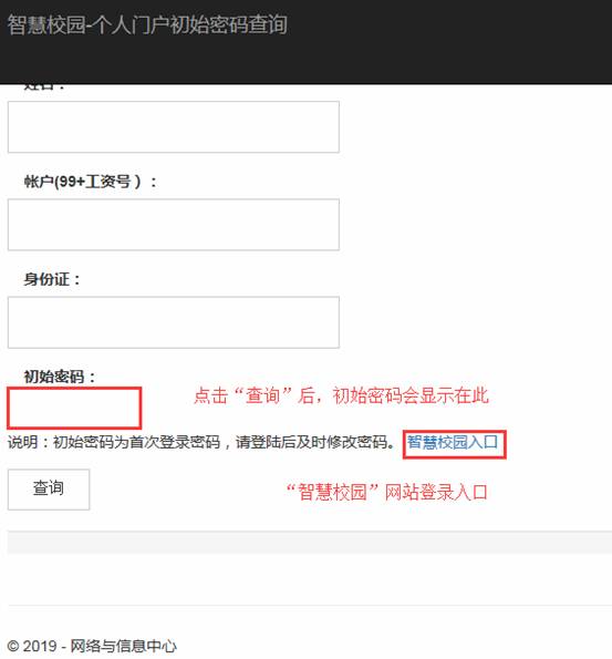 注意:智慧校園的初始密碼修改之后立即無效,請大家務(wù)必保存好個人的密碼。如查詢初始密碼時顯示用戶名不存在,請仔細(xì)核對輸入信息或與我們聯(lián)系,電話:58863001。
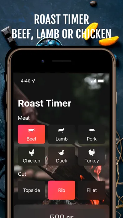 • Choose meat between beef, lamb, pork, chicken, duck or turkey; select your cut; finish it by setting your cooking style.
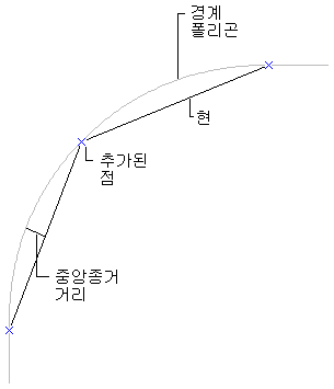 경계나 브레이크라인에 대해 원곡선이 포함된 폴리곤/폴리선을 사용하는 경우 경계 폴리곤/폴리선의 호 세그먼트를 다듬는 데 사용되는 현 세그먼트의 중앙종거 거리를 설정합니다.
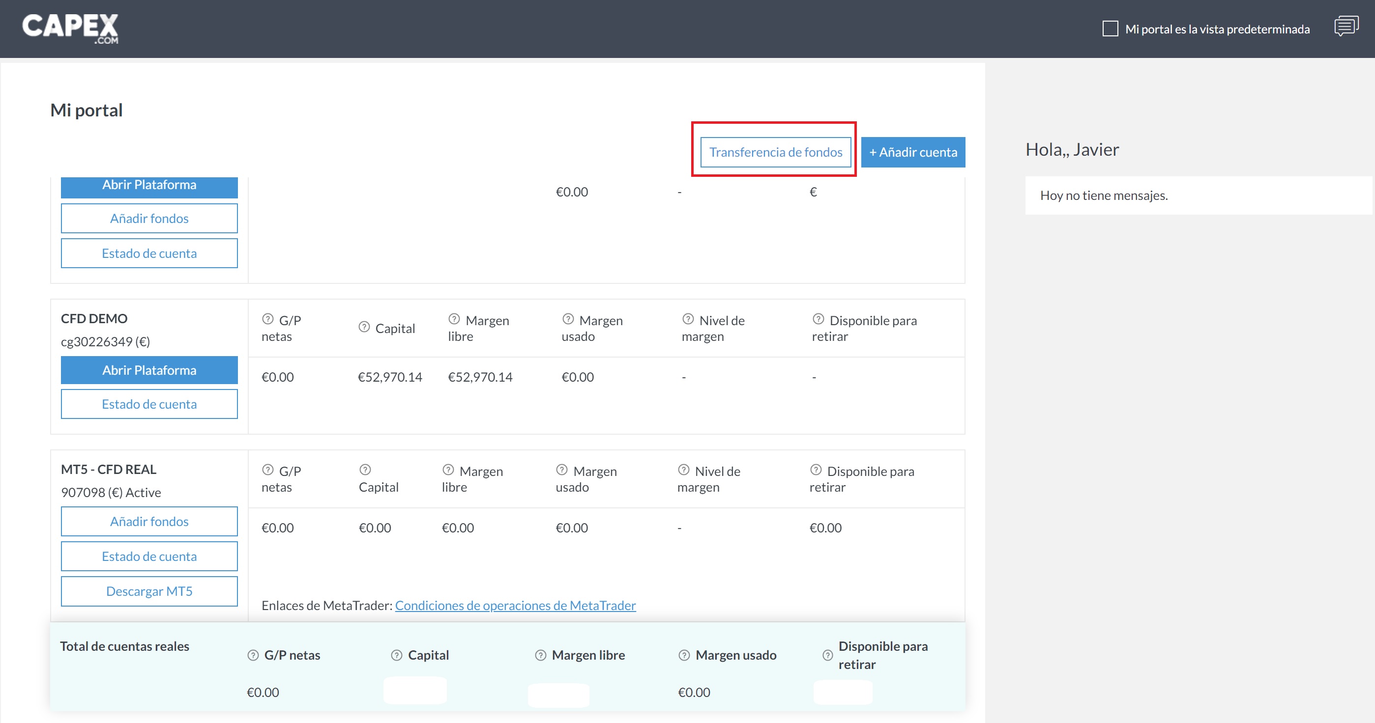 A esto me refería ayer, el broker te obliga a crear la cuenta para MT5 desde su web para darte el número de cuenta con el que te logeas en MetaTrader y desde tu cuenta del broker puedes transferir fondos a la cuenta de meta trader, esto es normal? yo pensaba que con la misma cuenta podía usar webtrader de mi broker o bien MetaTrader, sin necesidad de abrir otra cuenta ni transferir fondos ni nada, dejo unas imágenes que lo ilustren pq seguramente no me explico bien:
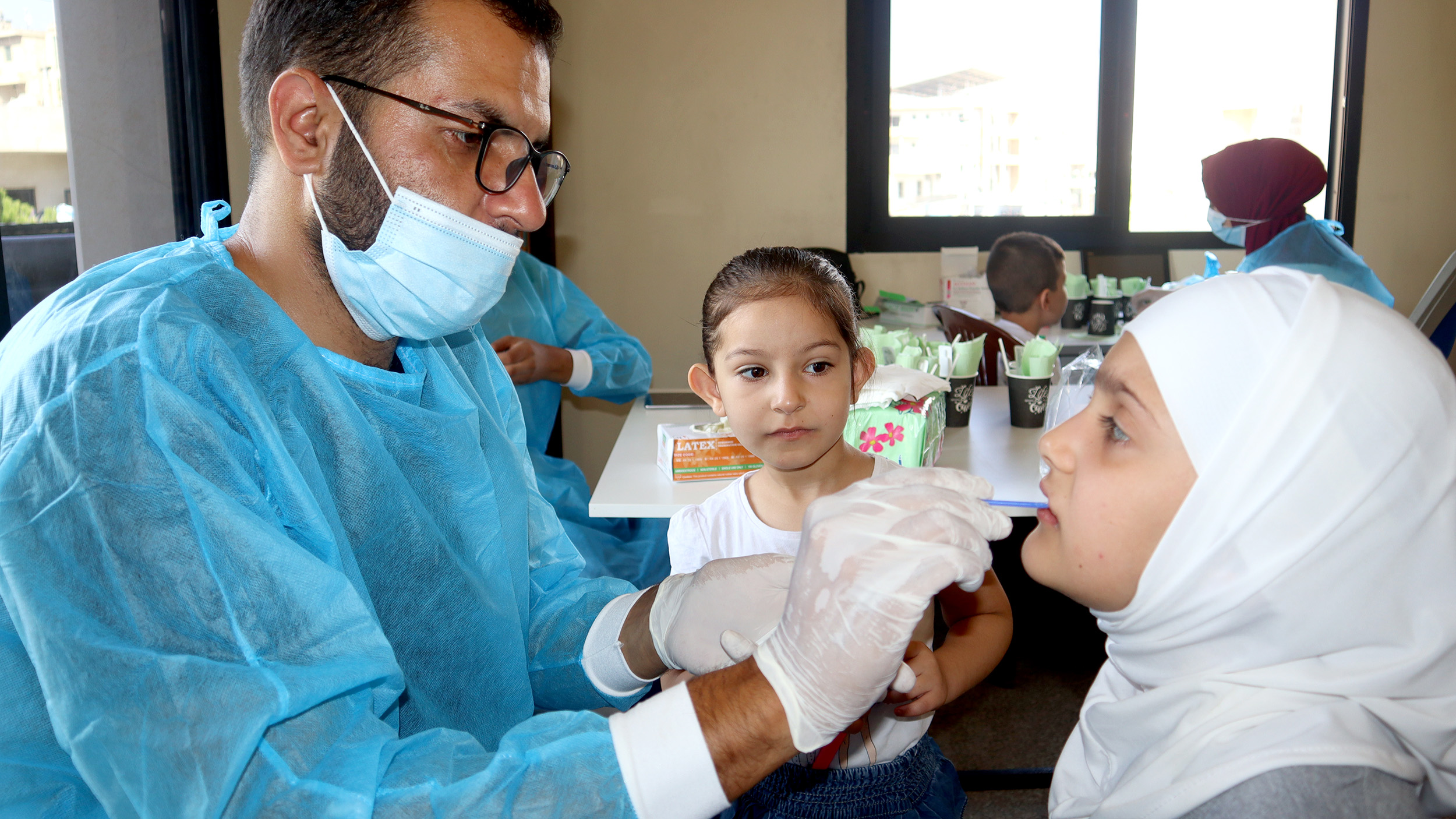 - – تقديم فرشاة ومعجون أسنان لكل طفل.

==

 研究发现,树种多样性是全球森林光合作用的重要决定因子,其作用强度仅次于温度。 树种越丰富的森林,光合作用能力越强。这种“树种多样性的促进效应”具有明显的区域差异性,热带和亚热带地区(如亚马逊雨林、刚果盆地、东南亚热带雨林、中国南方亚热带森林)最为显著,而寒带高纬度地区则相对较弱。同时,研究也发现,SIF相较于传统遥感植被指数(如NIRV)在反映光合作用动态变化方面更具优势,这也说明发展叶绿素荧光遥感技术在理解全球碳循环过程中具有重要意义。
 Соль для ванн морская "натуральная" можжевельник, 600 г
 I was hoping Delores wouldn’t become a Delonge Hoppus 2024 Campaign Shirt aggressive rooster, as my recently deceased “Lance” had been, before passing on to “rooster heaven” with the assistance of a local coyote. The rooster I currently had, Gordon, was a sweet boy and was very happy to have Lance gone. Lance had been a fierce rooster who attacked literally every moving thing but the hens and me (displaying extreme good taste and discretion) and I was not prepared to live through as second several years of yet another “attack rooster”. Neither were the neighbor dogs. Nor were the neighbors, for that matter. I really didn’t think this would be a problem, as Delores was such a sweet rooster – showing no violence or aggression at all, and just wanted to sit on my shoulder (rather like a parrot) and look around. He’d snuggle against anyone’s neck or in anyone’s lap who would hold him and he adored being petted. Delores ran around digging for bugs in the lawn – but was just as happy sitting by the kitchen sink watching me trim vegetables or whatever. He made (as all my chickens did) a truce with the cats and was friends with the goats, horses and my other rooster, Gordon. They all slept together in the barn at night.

==

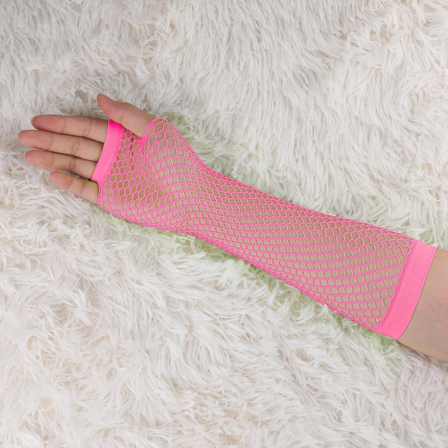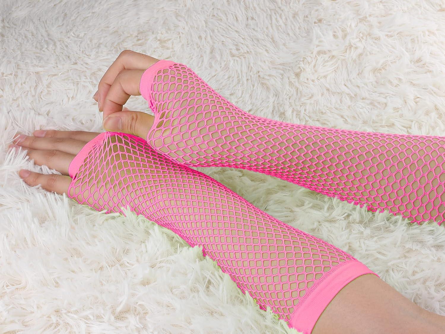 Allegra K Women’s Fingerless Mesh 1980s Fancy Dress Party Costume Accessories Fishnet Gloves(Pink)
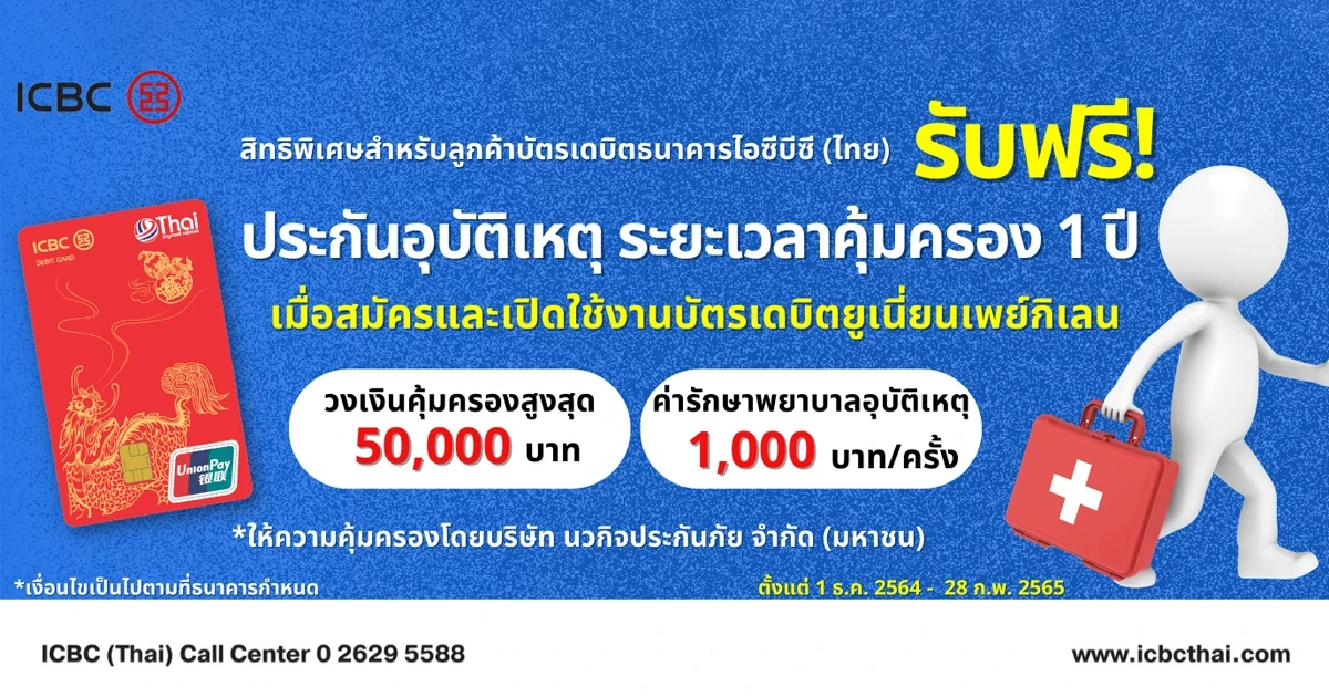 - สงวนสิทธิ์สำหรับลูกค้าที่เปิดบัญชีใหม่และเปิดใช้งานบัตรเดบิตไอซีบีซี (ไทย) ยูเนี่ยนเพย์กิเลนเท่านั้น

## WHAT IS BEING ASKED
Reproduce, word for word, everything in the listing above from the line containing "注意:智慧校園的初始密碼修改" down to the line containing "- – تقديم فرشاة ومعجون أسنان لكل طفل.", both of them included. No pictures.

## RESULT OF THIS EXERCISE
 注意:智慧校園的初始密碼修改之后立即無效,請大家務(wù)必保存好個人的密碼。如查詢初始密碼時顯示用戶名不存在,請仔細(xì)核對輸入信息或與我們聯(lián)系,電話:58863001。
 • Choose meat between beef, lamb, pork, chicken, duck or turkey; select your cut; finish it by setting your cooking style.
 경계나 브레이크라인에 대해 원곡선이 포함된 폴리곤/폴리선을 사용하는 경우 경계 폴리곤/폴리선의 호 세그먼트를 다듬는 데 사용되는 현 세그먼트의 중앙종거 거리를 설정합니다.
 A esto me refería ayer, el broker te obliga a crear la cuenta para MT5 desde su web para darte el número de cuenta con el que te logeas en MetaTrader y desde tu cuenta del broker puedes transferir fondos a la cuenta de meta trader, esto es normal? yo pensaba que con la misma cuenta podía usar webtrader de mi broker o bien MetaTrader, sin necesidad de abrir otra cuenta ni transferir fondos ni nada, dejo unas imágenes que lo ilustren pq seguramente no me explico bien:
 - – تقديم فرشاة ومعجون أسنان لكل طفل.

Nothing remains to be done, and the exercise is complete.